Just over a year earlier, when he resigned as Foreign Secretary, Boris and his wife Marina had left Carlton Gardens, the minister’s formal St James’s residence, in separate cars. After twenty-five years of marriage, they had agreed to divorce. Some were surprised that the marriage had lasted that long. After several humiliating exposés of Boris’s adultery, Marina had tried to repair their relationship but those efforts were wrecked by his most recent affair with Carrie Symonds, the thirty-year-old Tory Party communications chief. Too many lies, betrayals, confessions and apologies had been offered over the years to make any credible amends. ‘He’s a shit. He’s utterly selfish. He’s destroyed the family,’ exclaimed one of the Johnson clan. Those raw emotions were barely concealed during Stanley’s birthday celebrations.

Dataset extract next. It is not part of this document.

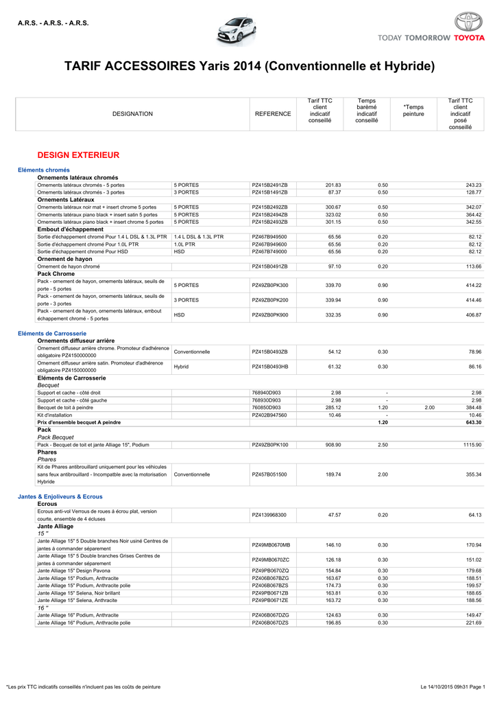 A.R.S. - A.R.S. - A.R.S. TARIF ACCESSOIRES Yaris 2014 (Conventionnelle et Hybride) DESIGNATION REFERENCE Tarif TTC client indicatif conseillé Temps barèmé indicatif conseillé Tarif TTC client indicatif posé conseillé *Temps peinture DESIGN EXTERIEUR Eléments chromés Ornements latéraux chromés Ornements latéraux chromés - 5 portes Ornements latéraux chromés - 3 portes 5 PORTES 3 PORTES PZ415B2491ZB PZ415B1491ZB 201.83 87.37 0.50 0.50 243.23 128.77 5 PORTES 5 PORTES 5 PORTES PZ415B2492ZB PZ415B2494ZB PZ415B2493ZB 300.67 323.02 301.15 0.50 0.50 0.50 342.07 364.42 342.55 1.4 L DSL & 1.3L PTR 1.0L PTR HSD PZ467B949500 PZ467B949600 PZ467B749000 65.56 65.56 65.56 0.20 0.20 0.20 82.12 82.12 82.12 PZ415B0491ZB 97.10 0.20 113.66 5 PORTES PZ49ZB0PK300 339.70 0.90 414.22 3 PORTES PZ49ZB0PK200 339.94 0.90 414.46 HSD PZ49ZB0PK900 332.35 0.90 406.87 PZ415B0493ZB 54.12 0.30 78.96 PZ415B0493HB 61.32 0.30 86.16 768940D903 768930D903 760850D903 PZ402B947560 2.98 2.98 285.12 10.46 1.20 1.20 2.98 2.98 384.48 10.46 643.30 PZ49ZB0PK100 908.90 2.50 1115.90 PZ457B051500 189.74 2.00 355.34 PZ4139968300 47.57 0.20 64.13 PZ49MB0670MB 146.10 0.30 170.94 PZ49MB0670ZC 126.18 0.30 151.02 PZ49PB0670ZQ PZ406B067BZG PZ406B067BZS PZ49PB0671ZB PZ49PB0671ZE 154.84 163.67 174.73 163.81 163.72 0.30 0.30 0.30 0.30 0.30 179.68 188.51 199.57 188.65 188.56 PZ406B067DZG PZ406B067DZS 124.63 196.85 0.30 0.30 149.47 221.69 Ornements Latéraux Ornements latéraux noir mat + insert chrome 5 portes Ornements latéraux piano black + insert satin 5 portes Ornements latéraux piano black + insert chrome 5 portes Embout d'échappement Sortie d'échappement chromé Pour 1.4 L DSL & 1.3L PTR Sortie d'échappement chromé Pour 1.0L PTR Sortie d'échappement chromé Pour HSD Ornement de hayon Ornement de hayon chromé Pack Chrome Pack - ornement de hayon, ornements latéraux, seuils de porte - 5 portes Pack - ornement de hayon, ornements latéraux, seuils de porte - 3 portes Pack - ornement de hayon, ornements latéraux, embout échappement chromé - 5 portes Eléments de Carrosserie Ornements diffuseur arrière Ornement diffuseur arrière chrome. Promoteur d'adhérence Conventionnelle obligatoire PZ4150000000 Ornement diffuseur arrière satin. Promoteur d'adhérence Hybrid obligatoire PZ4150000000 Eléments de Carrosserie Becquet Support et cache - côté droit Support et cache - côté gauche Becquet de toit à peindre Kit d'installation Prix d'ensemble becquet A peindre 2.00 Pack Pack Becquet Pack - Becquet de toit et jante Alliage 15", Podium Phares Phares Kit de Phares antibrouillard uniquement pour les véhicules sans feux antibrouillard - Incompatble avec la motorisation Hybride Conventionnelle Jantes & Enjoliveurs & Ecrous Ecrous Ecrous anti-vol Verrous de roues à écrou plat, version courte, ensemble de 4 écluses Jante Alliage 15 " Jante Alliage 15" 5 Double branches Noir usiné Centres de jantes à commander séparement Jante Alliage 15" 5 Double branches Grises Centres de jantes à commander séparement Jante Alliage 15" Design Pavona Jante Alliage 15" Podium, Anthracite Jante Alliage 15" Podium, Anthracite polie Jante Alliage 15" Selena, Noir brillant Jante Alliage 15" Selena, Anthracite 16 " Jante Alliage 16" Podium, Anthracite Jante Alliage 16" Podium, Anthracite polie *Les prix TTC indicatifs conseillés n'incluent pas les coûts de peinture Le 14/10/2015 09h31 Page 1 A.R.S. - A.R.S. - A.R.S. TARIF ACCESSOIRES Yaris 2014 (Conventionnelle et Hybride) DESIGNATION REFERENCE Tarif TTC client indicatif conseillé Temps barèmé indicatif conseillé Tarif TTC client indicatif posé conseillé *Temps peinture Centre de jante - Grand modèle Les centres de jantes grand modèles doivent OBLIGATOIREMENT être associés à un anneau centre de jante Pour jantes 5 doubles branches Grand centre de jante noir mat logo noir brillant Grand centre de jante noir brillant logo chromé Grand centre de jante gris logo chromé Grand centre de jante noir mat logo chromé Prix unitaire Prix unitaire Prix unitaire Prix unitaire PZ493986722D PZ493986722A PZ493986722C PZ493986722B 21.60 21.60 21.60 21.60 - 21.60 21.60 21.60 21.60 Prix unitaire Prix unitaire Prix unitaire Prix unitaire Prix unitaire Prix unitaire Prix unitaire Prix unitaire Prix unitaire Prix unitaire Prix unitaire Prix unitaire PZ493986723L PZ493986723N PZ493986723J PZ493986723K PZ493986723M PZ493986723P PZ493986723E PZ493986723G PZ493986723C PZ493986723I PZ493986723B PZ493986723A 14.80 14.80 14.80 14.80 14.80 14.80 10.48 10.48 10.48 10.48 10.48 10.48 - 14.80 14.80 14.80 14.80 14.80 14.80 10.48 10.48 10.48 10.48 10.48 10.48 426110D580 62.41 0.30 87.25 426110D600 118.25 0.30 143.09 PZ416B996800 PZ416B996600 33.26 30.49 0.60 0.30 82.94 55.33 3 PORTES 5 PORTES PZ415B185000 PZ415B285000 73.69 73.69 0.50 0.50 115.09 115.09 5 PORTES 3 PORTES 0861152860 PZ451B0531ZA 91.26 79.85 0.60 0.40 140.94 112.97 PZ49UB052000 76.06 0.80 142.30 PZ438B018200 PZ438B002000 9.43 46.99 0.50 0.50 50.83 88.39 PZ49UB054000 58.40 0.20 74.96 PZ467B0521ZB 126.96 0.20 143.52 PZ464B042700 148.28 1.00 231.08 PZ464T342055 9.78 0.10 18.06 78.04 97.10 120.91 103.40 103.40 103.40 103.40 103.40 103.40 - Anneau centre de jantes Anneau bronze 4V8 Anneau bleu 8S7 Anneau blanc 084 Anneau rouge 3N8 Anneau bleu 783 Anneau bleu 8T7 Anneau blanc 068 Anneau rouge 3P0 Anneau gris métallisé Anneau gris foncé 1E0 Anneau noir Anneau chrome Jante Tôle 14" Jante Tôle 14" Merci de respecter la monte d'origine 15 " Jante Tôle 15" Merci de respecter la monte d'origine PROTECTIONS DE CARROSSERIE ET SECURITE Protections Bavettes Bavettes Set arrière Bavettes Set avant Baguettes Latérales Jeu de baguettes de protection latérale - noir Jeu de baguettes de protection latérale - noir Déflecteurs Déflecteurs de vent avant ( compatible 5 portes) Déflecteurs de vent avant ( compatible 3 portes) Protections d'angles de pare-choc Protections d'angles de pare-chocs Films Film de protection des poignées de portes avant Film de pro

Rachel and Jo Johnson, Boris’s younger sister and brother, the latter an MP, had both come with their spouses and children. (Leo, the fourth sibling, had not returned from holiday in Greece.) To Stanley’s disappointment, Boris’s and Marina’s four children had rejected the invitation to the party. Not only were they angry about their grandfather shaking Carrie’s hand at a public meeting about the environment, but they also refused to speak to their father. On top of that resentment was the friction between Stanley’s older children and his new family, one that had simmered for years but only intensified in the wake of Boris’s latest achievements. In recent months Jenny, Stanley’s second wife, had openly denounced Boris and had even forbidden him to visit Nethercote, the Johnsons’ family farm on Exmoor. Boris’s brother and sister were understandably surprised that Jenny, an intelligent woman, and Max, her son, had agreed to come to Chequers. Stanley tried to brush the troubles aside and, to explain her presence at Chequers to the three older Johnson children, Jenny said that Stanley had insisted that she join his birthday celebrations and under duress she had agreed.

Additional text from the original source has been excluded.